The newspaper headline reads: “Five die after electronic music festival”. But this was not the news over the weekend here in the Philippines. This was on April 16 in Buenos Aires, Argentina.
In the early morning hours of Sunday, May 22, four men and a woman died during and after an outdoor rave concert held at the Mall of Asia in Pasay City. Their ages ranged from 18 to 36 years old. At least one was a student, another a businessman and even an American national were among the fatalities. They were not together in a group and they were taken to different hospitals separately at 12:00 midnight, 2:00 a.m., 2:25 a.m., 3:00 a.m. and 3:55 a.m.
Is it too early to speculate as to what happened? Absolutely not.
The day after the deaths in Argentina, Dr. Alberto Crescenti, who heads the emergency medical system for the Argentine capital, told The Associated Press that doctors were still trying to determine what sort of drugs caused the deaths. Notice the statement: “What sort of drugs caused the deaths.”
While the outdoor venue was packed with some 14,000 people, it is highly improbable that “normal” heat stroke would have targeted just five of the concert goers and killed them.

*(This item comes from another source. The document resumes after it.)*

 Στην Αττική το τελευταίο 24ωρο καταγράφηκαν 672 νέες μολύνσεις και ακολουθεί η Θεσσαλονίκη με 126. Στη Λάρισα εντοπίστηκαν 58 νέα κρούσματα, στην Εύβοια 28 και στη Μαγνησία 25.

Further, Chief Inspector Rolando Baula, head of the Station Investigation and Detective Management Branch of Pasay City Police, reported that initial medical findings show that massive heart attacks caused the deaths of the 18-year-old female student and the 36-year-old businessman.

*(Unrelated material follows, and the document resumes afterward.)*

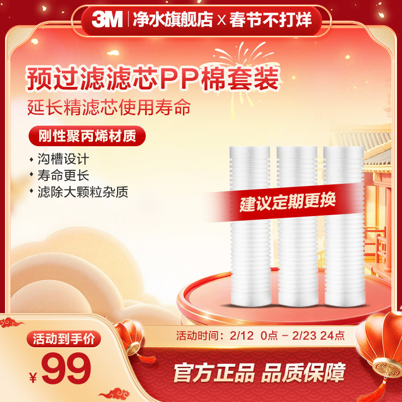 📚 3M滤芯PP棉3只装套装前置过滤器通用10寸置入式净水器家用旗舰店
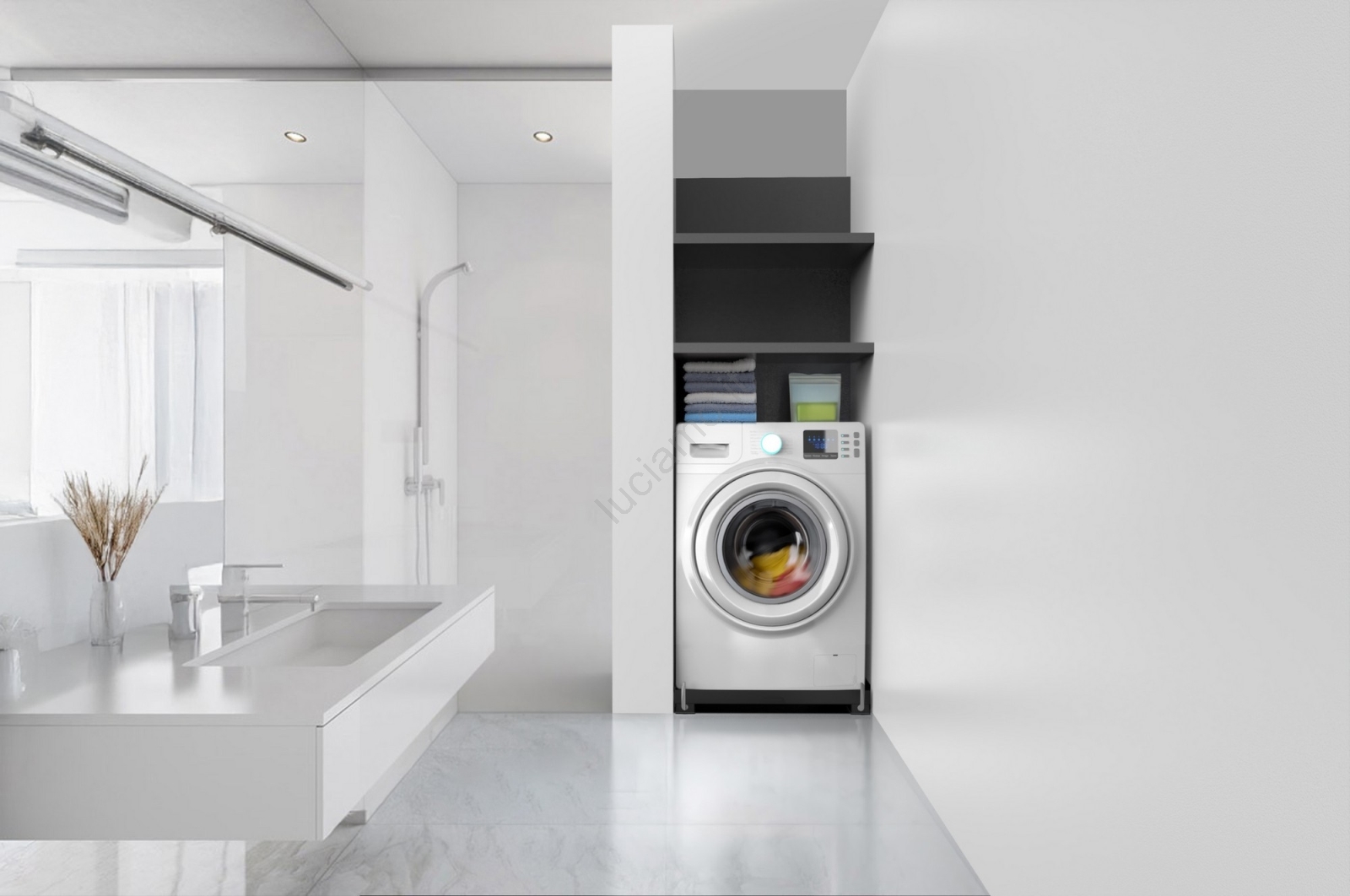 • Base mobile compatta progettata per lavatrici e asciugatrici „Slim“ con profondità fino a 47 cm.

So, yes, we should “speculate” on what caused those unnecessary deaths.
The popular street drug Ecstasy, or MDMA-Methylenedioxymethamphetamin, first invented in 1912, has absolutely no medical use. It is a recreational psychoactive drug and it can be deadly. According the Foundation for a Drug-Free World, Ecstasy stops “the natural alarm signals given out by the body. As a result, after taking the drug, a person on Ecstasy may not realize that he has become overheated and can faint or even die of heatstroke.”
Symptoms after taking the drug can be: high-blood pressure, seizures, loss of consciousness, and organ damage and complications due to increased body temperature. While fatality rates for MDMA usage are substantially lower than for other drugs known for causing “overdoses,” like heroin and methamphetamine (shabu), that is part of the problem. Recreational users of Ecstasy do not realize that they might be steadily killing their bodies while on the drug.
At P1,000 or more per dose, this is a problem of relatively affluent young people, as the drug is not hard to find on any college campus. A shipment worth P1.5 million was confiscated by the Bureau of Customs in March. In 2014 an Indian national who was a student at De La Salle University was arrested with 500 tablets. “Prab” was well known on campus.
Without making any judgment whatsoever in this case, people are going to do foolish things and that is their responsibility. But government also has a responsibility to educate and to enforce the law no matter how high in society the perpetrators might be.